● **Task data**
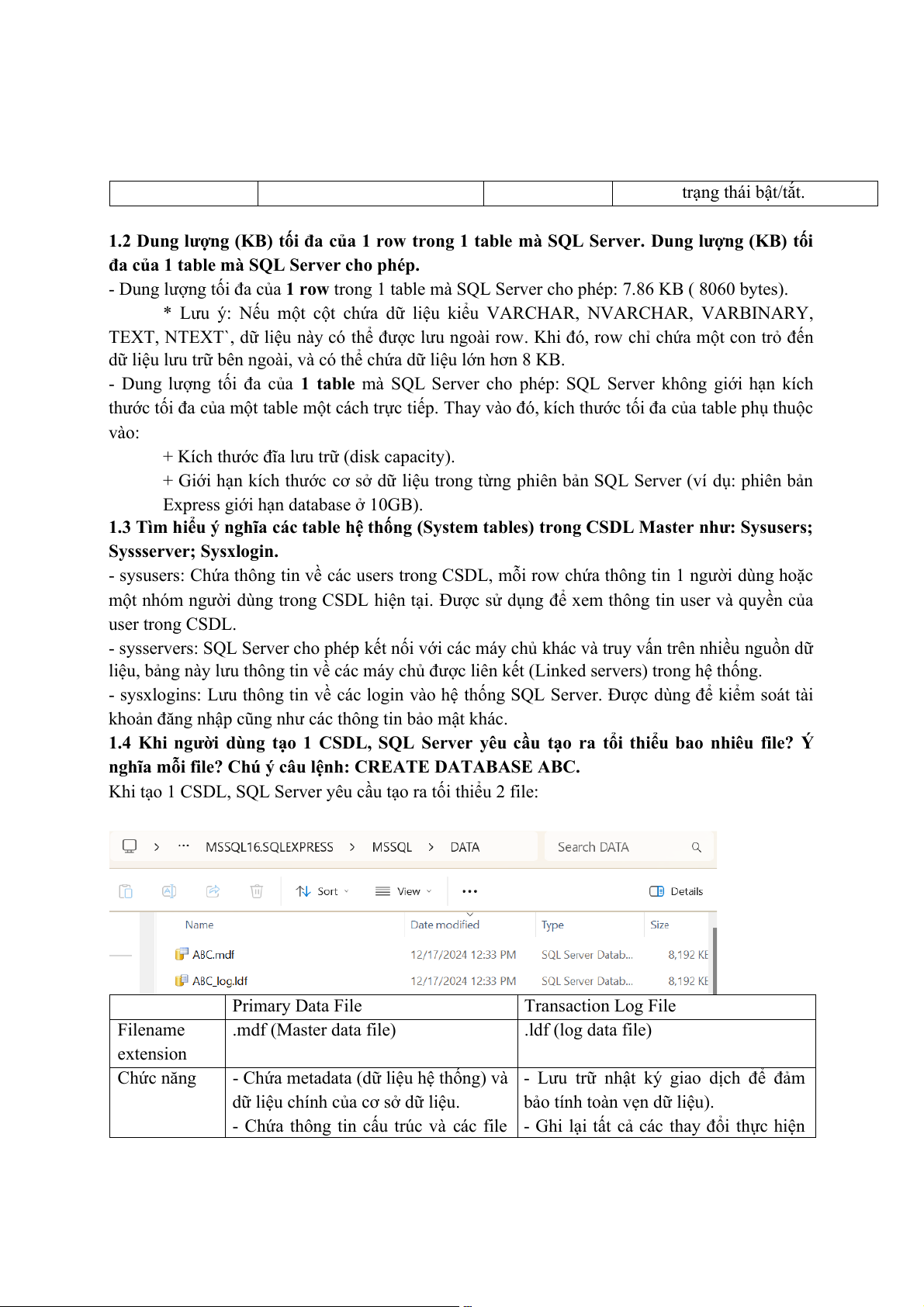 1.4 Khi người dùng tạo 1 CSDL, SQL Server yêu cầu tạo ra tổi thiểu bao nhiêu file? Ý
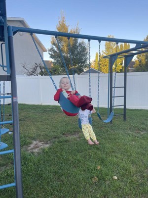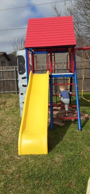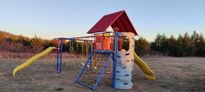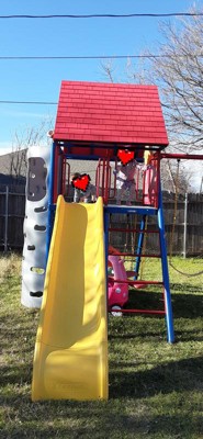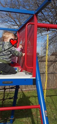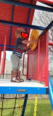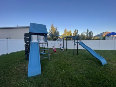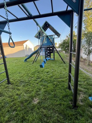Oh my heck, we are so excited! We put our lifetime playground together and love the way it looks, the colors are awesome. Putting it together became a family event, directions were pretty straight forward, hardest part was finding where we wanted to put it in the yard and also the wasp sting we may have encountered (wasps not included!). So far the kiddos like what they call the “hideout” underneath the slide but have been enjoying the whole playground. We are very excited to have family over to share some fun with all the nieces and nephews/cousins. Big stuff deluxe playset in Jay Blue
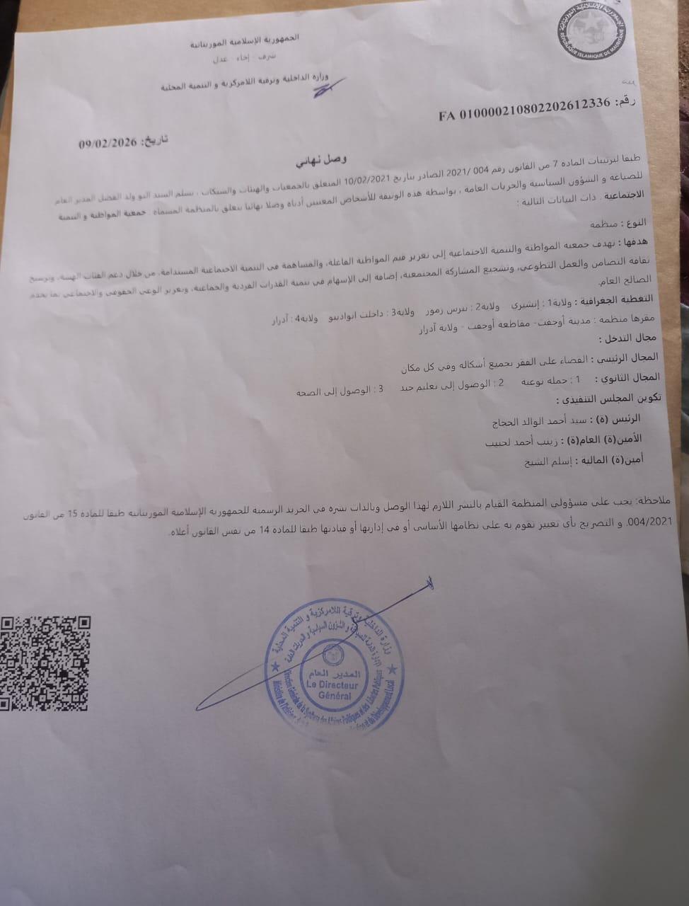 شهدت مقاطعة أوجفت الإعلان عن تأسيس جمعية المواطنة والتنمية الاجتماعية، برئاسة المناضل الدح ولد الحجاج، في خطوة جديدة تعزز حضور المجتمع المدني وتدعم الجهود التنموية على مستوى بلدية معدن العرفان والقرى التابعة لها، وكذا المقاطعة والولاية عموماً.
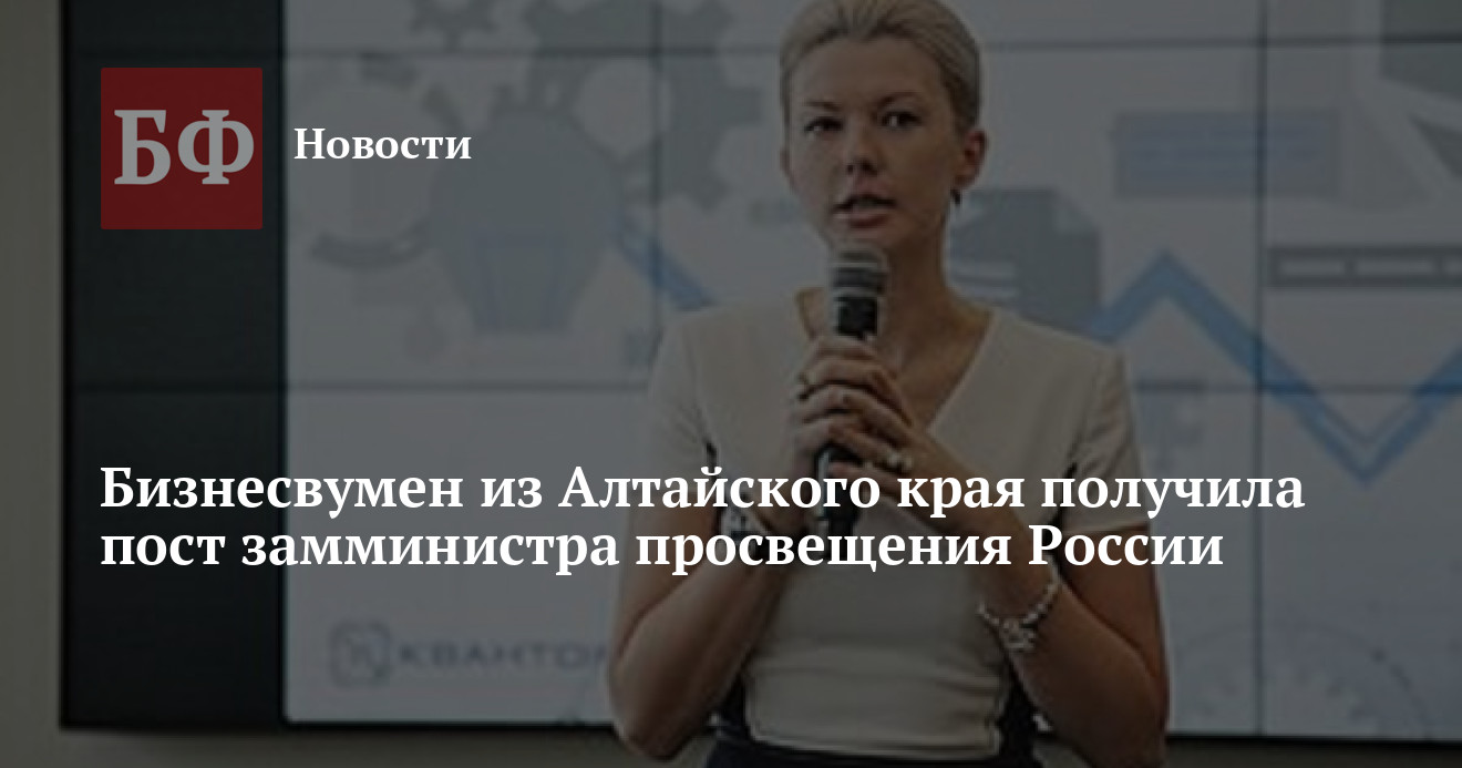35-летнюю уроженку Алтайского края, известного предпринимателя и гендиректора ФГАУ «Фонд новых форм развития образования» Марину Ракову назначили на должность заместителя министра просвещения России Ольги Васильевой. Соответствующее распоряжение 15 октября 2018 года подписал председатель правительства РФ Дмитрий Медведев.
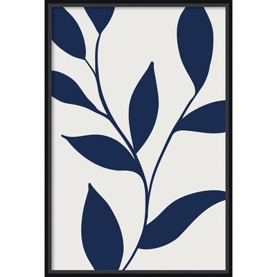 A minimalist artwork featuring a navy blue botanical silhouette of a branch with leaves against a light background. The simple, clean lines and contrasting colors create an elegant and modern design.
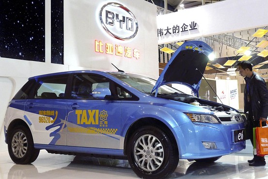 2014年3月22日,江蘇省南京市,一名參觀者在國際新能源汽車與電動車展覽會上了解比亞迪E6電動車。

---

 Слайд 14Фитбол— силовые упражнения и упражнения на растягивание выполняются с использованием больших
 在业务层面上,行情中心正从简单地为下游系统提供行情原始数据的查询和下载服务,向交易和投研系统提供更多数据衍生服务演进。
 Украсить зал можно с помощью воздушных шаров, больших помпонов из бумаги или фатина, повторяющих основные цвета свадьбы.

● **Instructions to follow**
Would you show each line of the listing above that has the string "больших"?

● **Answer to this exercise**
 Слайд 14Фитбол— силовые упражнения и упражнения на растягивание выполняются с использованием больших
 Украсить зал можно с помощью воздушных шаров, больших помпонов из бумаги или фатина, повторяющих основные цвета свадьбы.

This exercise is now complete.